The senior living sector is experiencing a boom on the heels of the housing downturn and recovery, with assisted living and memory care leading the charge. While independent living isn’t expected to meet the pace of its counterparts, it’s still expected to gain ground.
Last year’s sales of portions of the Holiday Retirement portfolio and the recent acquisition of an $150 million portfolio of eight independent living communities by a joint venture between Interwest Capital and Angelo, Gordon & Co. may signal growing investor interest in the sector.
“We have seen the housing marketing continue to improve, and it seems like the backlog of residents waiting for homes to sell has certainly dwindled if not disappeared,” says Bradley Clousing, managing director at Senior Living Investment Brokerage. “A few years ago, you would hear of communities waiting for homes to sell for 10-12 residents. That has helped from a census standpoint.”
Independent living averaged occupancy rates of 90% by the fourth quarter of 2013, compared to assisted living’s 89.2%, according to the National Investment Center for the Seniors Housing & Care Industry (NIC).
The independent living sector will likely be attractive to investors in 2014 on a market-by-market basis, Clousing says, depending on the rate of recovery and overall stability of the region.
Throughout all of last year, home prices rose 11.3%, said real estate data provider Clear Capital in a Home Data Index Market Report, with some metros seeing much higher home price rebounds, including Chicago, San Francisco, and Las Vegas. And through November 2013, the pace of home sales had picked up 10% from 2012 to an estimated annual pace of nearly 5.15 million, according to housing data source RealtyTrac.
The real estate market impacts all forms of independent living, whether standalone or as part of a continuing care retirement community, says Paul Rundell, managing director of Chicago-based Alvarez and Marsal’s Healthcare Industry Group.
The average person in a CCRC, for example, needs money from the sale of their house in order to pay the entrance fee, he says.
“The bulk of most people’s money is tied up in their house, and just as 2013 was better than 2012, 2014 by all stretches looks like it’ll be better than 2013 [in terms of the housing market recovery],” Rundell says. “We think the real estate market will continue to do as well as or better than 2013. It will be nothing but positive for the entire senior living industry, including independent living.”
California-based real estate owner, operator, and developer USA Properties Fund’s 7,000 senior living units—a mixture of 55+ or 62+ age restricted housing—don’t have many vacancies, according to president Geoff Brown.
The company has an independent living project slated to start this summer in Sacramento and is keeping an eye out for other opportunities.

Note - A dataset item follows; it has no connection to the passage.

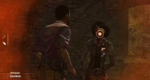 Only after that can you exit the passage way and enter the corridor. Go left until you get to Chuck's body. After the cutscene, look at the zombies in the distance and attack them (Attack: Zombie).

“Given the demand and our low vacancies, we have a huge interest in trying to acquire more properties,” says Brown. “Right now, we don’t have a lot of other projects on the drawing board we’re ready to start that are senior housing.”
Not everyone’s view on the sector is so rosy.
“Independent living is still going to be rough [in 2014],” says Jeremy Stroiman, CEO of Evans Senior Investments. “Almost every standalone independent living property we valuate is not doing well financially. Housing market improvements have not translated to the independent living market yet, and folks are staying at home longer because of the market.”
However, independent living communities that are doing well are the ones that are either converting units to assisted living or have what Stroiman calls a “quasi assisted living model” that’s essentially independent living with services that either they or a third party provide.
That’s what USA Properties Fund is looking into for its existing portfolio. The company is doing research on introducing an aging in place component—potentially home care—for frail, elderly residents.
The average age of seniors living in USA Properties Fund’s senior units is around 72, Brown estimates, and many stay for as long as they can, because it’s less expensive than an assisted living community.
“We’re worried that’s going to be a big issue,” he says. “[The question is,] who’s going to pay for it? What kind of amenities do you need? It’s clear to us that that’s going to be an issue for the industry as a whole, and given the size of our portfolio we’re convinced there are solutions. We’re trying to be ahead of the curve in figuring it out.”
For independent living without any assisted living components, the key to attracting new residents—and in turn attracting investors—may be rooted in psychology.
“The challenge with independent living, in my opinion, is not the real estate market: it’s changing the mental thoughts of people [who are eligible for independent living],” says Rundell. “Providers have to show them how it’s a safer environment, more of a collegial environment. It has to do with their mindset.”